Data excerpt:

======

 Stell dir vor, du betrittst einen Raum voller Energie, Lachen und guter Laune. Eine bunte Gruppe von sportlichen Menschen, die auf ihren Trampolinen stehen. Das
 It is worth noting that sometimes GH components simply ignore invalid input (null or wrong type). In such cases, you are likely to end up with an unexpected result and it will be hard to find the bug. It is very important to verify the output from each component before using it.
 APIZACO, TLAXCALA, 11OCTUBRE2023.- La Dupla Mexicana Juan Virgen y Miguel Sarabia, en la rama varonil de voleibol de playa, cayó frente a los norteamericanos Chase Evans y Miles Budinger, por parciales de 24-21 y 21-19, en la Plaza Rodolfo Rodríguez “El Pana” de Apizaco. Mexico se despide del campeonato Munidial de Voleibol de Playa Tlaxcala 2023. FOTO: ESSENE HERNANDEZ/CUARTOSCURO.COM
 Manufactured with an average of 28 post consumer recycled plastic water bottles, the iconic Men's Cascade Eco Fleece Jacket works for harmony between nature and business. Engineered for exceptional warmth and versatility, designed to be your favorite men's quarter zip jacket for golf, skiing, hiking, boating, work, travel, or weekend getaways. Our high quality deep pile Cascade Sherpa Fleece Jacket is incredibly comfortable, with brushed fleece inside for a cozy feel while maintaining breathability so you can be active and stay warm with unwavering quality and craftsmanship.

======

Task statement: If a line comes after the one containing "It is worth", leave it out; set down every line of the data before it, and that line itself, exactly.

Answer to this task:
 Stell dir vor, du betrittst einen Raum voller Energie, Lachen und guter Laune. Eine bunte Gruppe von sportlichen Menschen, die auf ihren Trampolinen stehen. Das
 It is worth noting that sometimes GH components simply ignore invalid input (null or wrong type). In such cases, you are likely to end up with an unexpected result and it will be hard to find the bug. It is very important to verify the output from each component before using it.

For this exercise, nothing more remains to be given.